▶ _TASK DIRECTIONS_
All of the listing should be output exactly, apart from the pictures.

====== DATA ======

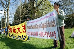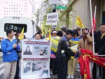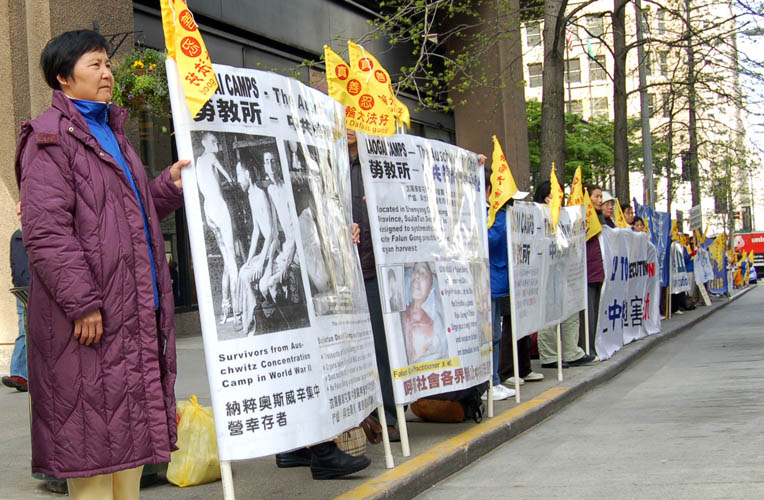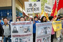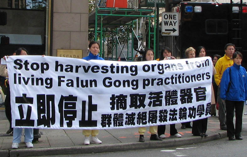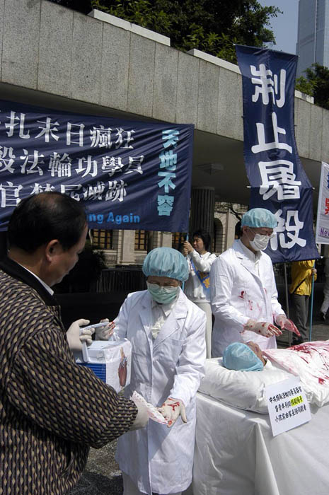 ![]() 在集会上模拟演示中共活体摘卖器官 |
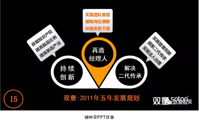 對于傳承問(wèn)題,在2011年,“雙童”明確了子女不走接班權,而是要讓核心員工持股,將所有權和經(jīng)營(yíng)權分離。而在2018年的12月19日,在“雙童”第一期股權激勵啟動(dòng)大會(huì )上,“雙童”首批12位核心員工正式簽約成為“雙童”的經(jīng)營(yíng)伙伴,我們以股份合伙、業(yè)務(wù)合伙等“合伙激勵”的 方式讓優(yōu)秀人才變?yōu)楹匣锶?,讓員工和組織的目標長(cháng)遠契合、共同生長(cháng)、共享價(jià)值創(chuàng )造的有效延伸!
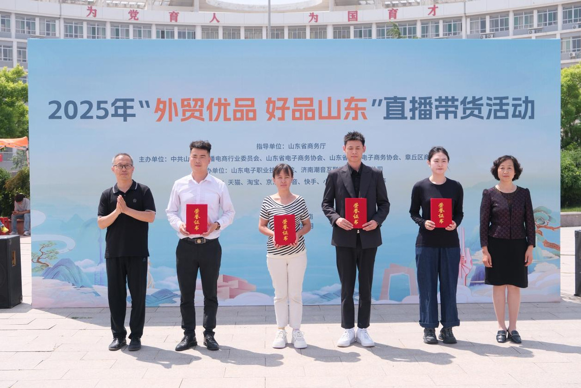 2025年5月15日,由山東省商務(wù)廳指導(dǎo),中共山東省直播電商行業(yè)委員會、山東省電子商務(wù)協(xié)會、山東省跨境電子商務(wù)協(xié)會、章丘區(qū)商務(wù)局聯(lián)合主辦,我校與濟(jì)南潮音互聯(lián)網(wǎng)科技有限公司共同承辦的外貿(mào)優(yōu)品·好品山東直播帶貨進(jìn)校園活動在校園廣場啟幕。本次活動獲得天貓、淘寶、京東、抖音、快手、小紅書、騰訊視頻號等電商平臺支持,吸引全省50余家優(yōu)質(zhì)企業(yè)攜外貿(mào)優(yōu)品、非遺老字號、特色工藝品參展,既為消費(fèi)者呈現(xiàn)品質(zhì)盛宴,也為師生搭建了行業(yè)實(shí)踐平臺。
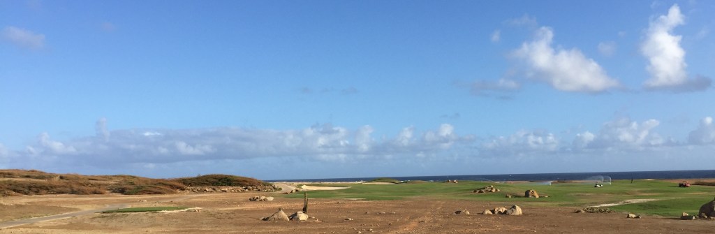 Went to Aruba in 2016 with my bride and daughter for a bonus day weekend. That means taking advantage of the Leap Day by taking a weekend trip somewhere. If you’re thinking of a golf trip to Aruba, don’t, unless you only want to play one round or one course. It’s a longer flight from the Northeast than the other islands and there is only one course here. The course is good, but not one to design a vaca around, and as you can see above the view of the famous lighthouse was killed by the scaffolding when I went.

======

▶ _OUTPUT_
 ![]() 在集会上模拟演示中共活体摘卖器官 |
 對于傳承問(wèn)題,在2011年,“雙童”明確了子女不走接班權,而是要讓核心員工持股,將所有權和經(jīng)營(yíng)權分離。而在2018年的12月19日,在“雙童”第一期股權激勵啟動(dòng)大會(huì )上,“雙童”首批12位核心員工正式簽約成為“雙童”的經(jīng)營(yíng)伙伴,我們以股份合伙、業(yè)務(wù)合伙等“合伙激勵”的 方式讓優(yōu)秀人才變?yōu)楹匣锶?,讓員工和組織的目標長(cháng)遠契合、共同生長(cháng)、共享價(jià)值創(chuàng )造的有效延伸!
 2025年5月15日,由山東省商務(wù)廳指導(dǎo),中共山東省直播電商行業(yè)委員會、山東省電子商務(wù)協(xié)會、山東省跨境電子商務(wù)協(xié)會、章丘區(qū)商務(wù)局聯(lián)合主辦,我校與濟(jì)南潮音互聯(lián)網(wǎng)科技有限公司共同承辦的外貿(mào)優(yōu)品·好品山東直播帶貨進(jìn)校園活動在校園廣場啟幕。本次活動獲得天貓、淘寶、京東、抖音、快手、小紅書、騰訊視頻號等電商平臺支持,吸引全省50余家優(yōu)質(zhì)企業(yè)攜外貿(mào)優(yōu)品、非遺老字號、特色工藝品參展,既為消費(fèi)者呈現(xiàn)品質(zhì)盛宴,也為師生搭建了行業(yè)實(shí)踐平臺。
 Went to Aruba in 2016 with my bride and daughter for a bonus day weekend. That means taking advantage of the Leap Day by taking a weekend trip somewhere. If you’re thinking of a golf trip to Aruba, don’t, unless you only want to play one round or one course. It’s a longer flight from the Northeast than the other islands and there is only one course here. The course is good, but not one to design a vaca around, and as you can see above the view of the famous lighthouse was killed by the scaffolding when I went.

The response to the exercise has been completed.